First things First (glossary and relationships)

Transformers: Transformers is the architecture that made all GenAI like LLMs, image generators, audio models, multimodal systems possible, made by Google Brain researchers in 2017.

The original Transformer model was detailed in an 11-page publication by eight Google researchers in June 2017, marking a pivotal milestone in generative AI research.

Generative AI: Often shortened to GenAI — is an umbrella term for a broad class of models that can create new content.

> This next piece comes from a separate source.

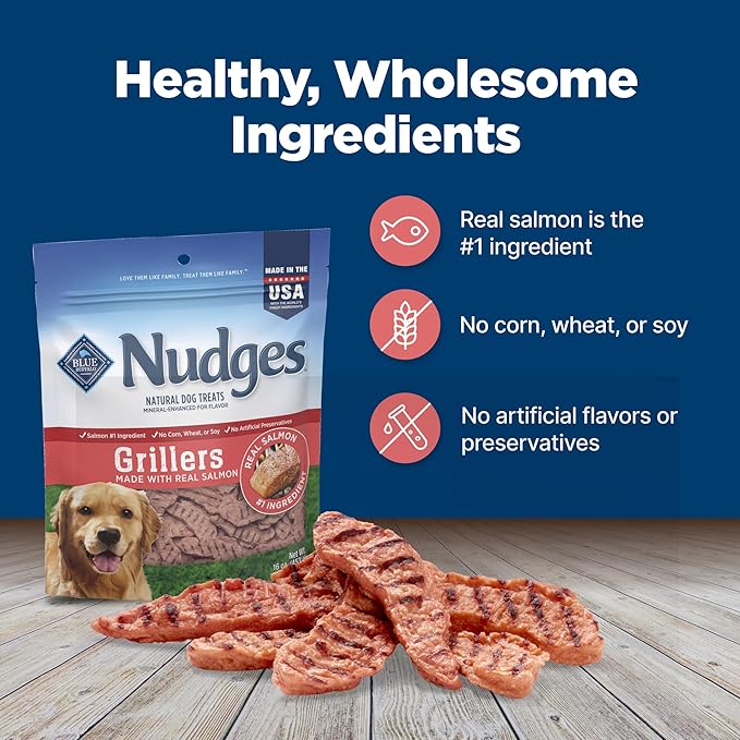 Blue Buffalo Nudges Grillers Natural Dog Treats, Made in The USA with Real Salmon, 16-oz. Bag

Not just retrieve, classify, or recommend, but actually generate things: text, images, audio, video, and more.

Landscape of Gen AI models:

  • LLMs (Large Language Models) → generates text & code

    • Used for writing text, reasoning, summarization, UX micro-copy, SQL generation, code generation.

    • Popular examples GPT-4o, Claude 3.5, Gemini 2.0, Llama 3

  • Diffusion models → generates images

    • Used for concept art, visual exploration, moodboards, product imagery, iconography.

    • Popular examples: DALL·E 3, Stable Diffusion XL

  • Audio Tokens models → generates speech/music

    • Used for voiceovers, sonic branding, conversational agents, sound design.

    • Popular examples: AudioLM, VALL-E, ElevenLabs, Suno

  • Video diffusion models → generates video

    • Used for concept films, motion design, product video prototypes, storytelling.